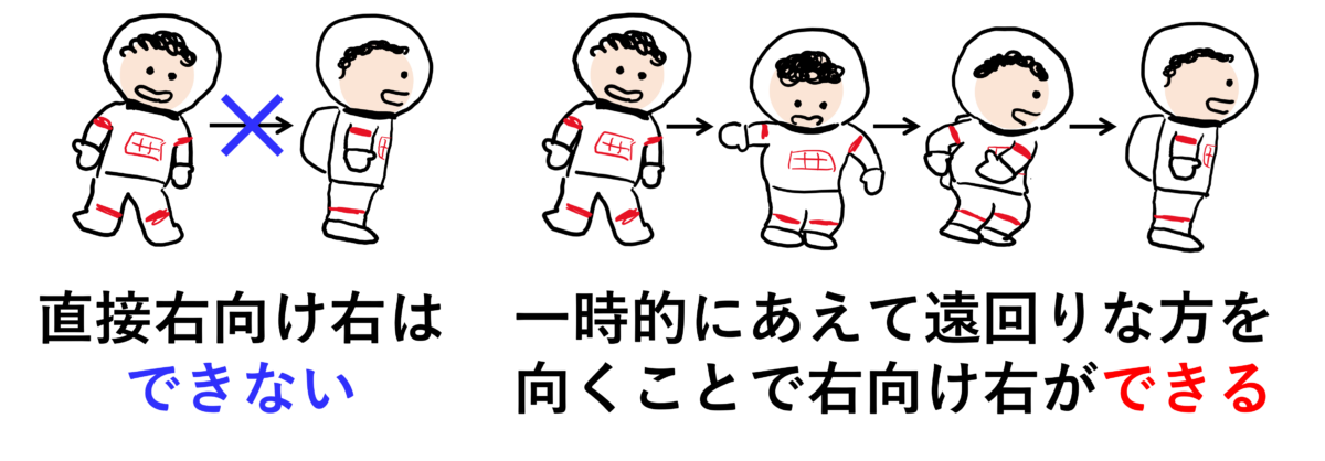 とまあ原理自体はさほど難しくないんだけれど、実はこの原理を使って自在に体の向きを変えるのはそう簡単ではない。たしかに図の①→②のように手を挙げれば一時的には体の向きを変えられるけれども、②→③のようにまたそのまま手を下げて「気をつけ」に戻ったら元の向きに戻ってしまう。同じように、「右向け右」をしようと腰をひねってみても、またそのまま腰を戻せば正面に向き戻ってしまう。体全体の向きを変えて「右向け右をした気をつけ」の状態になるには、単純に体をひねるのではなく、下の図のようにあえて一度遠回りな方を向いてから上手い手順で「気をつけ」に戻るというややこしい体の動かし方をする必要があるのだ。先ほどの宇宙飛行士の動画でも、よく見ると実はこのようなことをやっていたのだ。
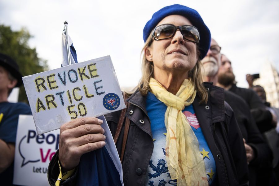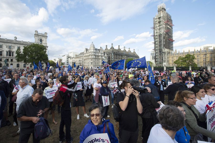 Demonstrators gather outside the Houses of Parliament in London, Britain, on Sept. 4, 2019. (Photo by Ray Tang/Xinhua)
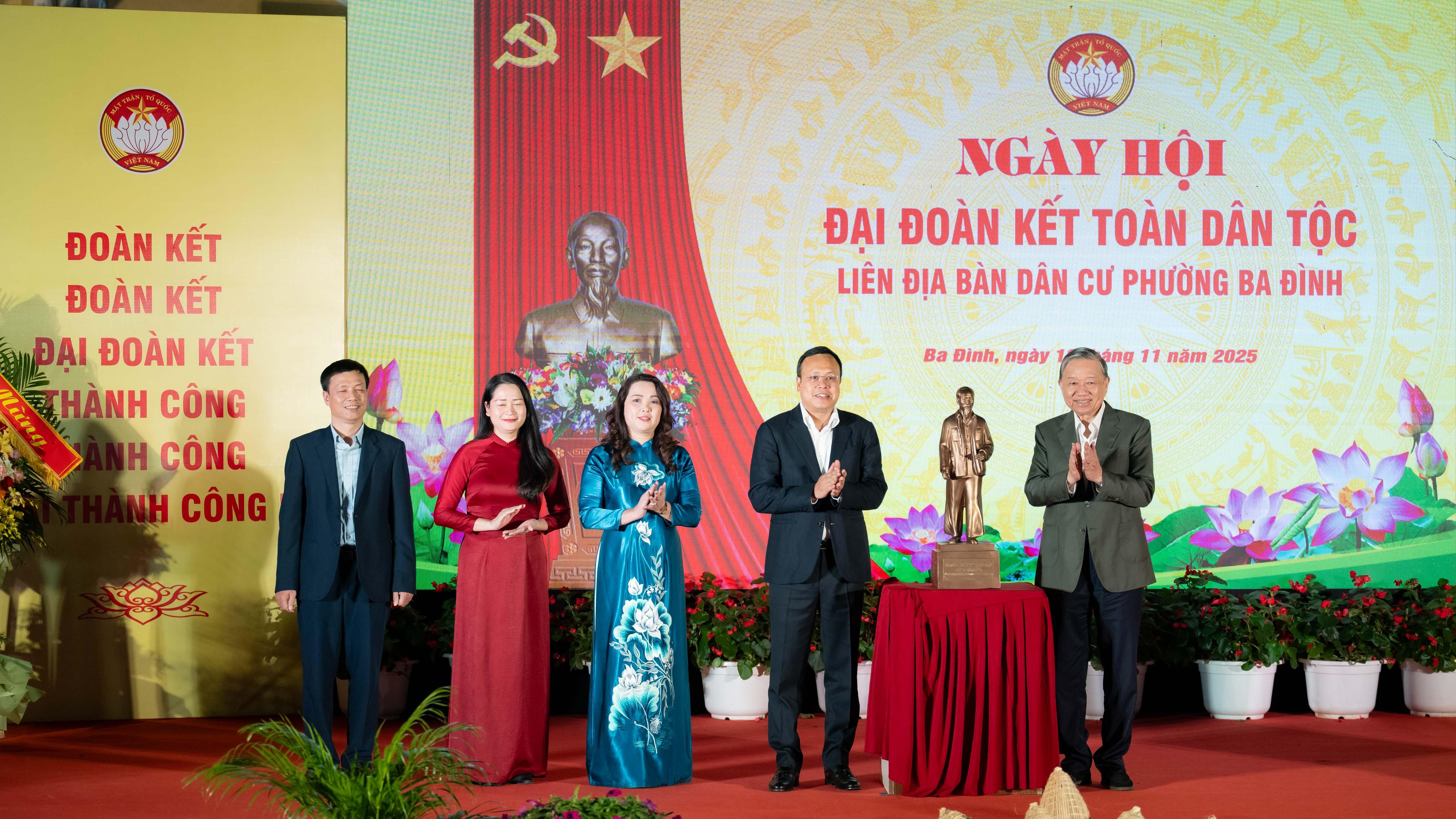 Trong không khí vui tươi, ấm áp của Ngày hội Đại đoàn kết toàn dân tộc, Tổng Bí thư Tô Lâm đã trao bức tượng Bác Hồ về thăm quê tặng Đảng bộ, chính quyền và Nhân dân phường Ba Đình; trao quà tặng tập thể đơn vị tổ chức Ngày hội và 10 hộ gia đình chính sách trên địa bàn phường Ba Đình.

::::

### TASK DIRECTIONS
Return the whole listing word for word. Pictures stay out of it.

### PROBLEM SOLUTION
 とまあ原理自体はさほど難しくないんだけれど、実はこの原理を使って自在に体の向きを変えるのはそう簡単ではない。たしかに図の①→②のように手を挙げれば一時的には体の向きを変えられるけれども、②→③のようにまたそのまま手を下げて「気をつけ」に戻ったら元の向きに戻ってしまう。同じように、「右向け右」をしようと腰をひねってみても、またそのまま腰を戻せば正面に向き戻ってしまう。体全体の向きを変えて「右向け右をした気をつけ」の状態になるには、単純に体をひねるのではなく、下の図のようにあえて一度遠回りな方を向いてから上手い手順で「気をつけ」に戻るというややこしい体の動かし方をする必要があるのだ。先ほどの宇宙飛行士の動画でも、よく見ると実はこのようなことをやっていたのだ。
 Demonstrators gather outside the Houses of Parliament in London, Britain, on Sept. 4, 2019. (Photo by Ray Tang/Xinhua)
 Trong không khí vui tươi, ấm áp của Ngày hội Đại đoàn kết toàn dân tộc, Tổng Bí thư Tô Lâm đã trao bức tượng Bác Hồ về thăm quê tặng Đảng bộ, chính quyền và Nhân dân phường Ba Đình; trao quà tặng tập thể đơn vị tổ chức Ngày hội và 10 hộ gia đình chính sách trên địa bàn phường Ba Đình.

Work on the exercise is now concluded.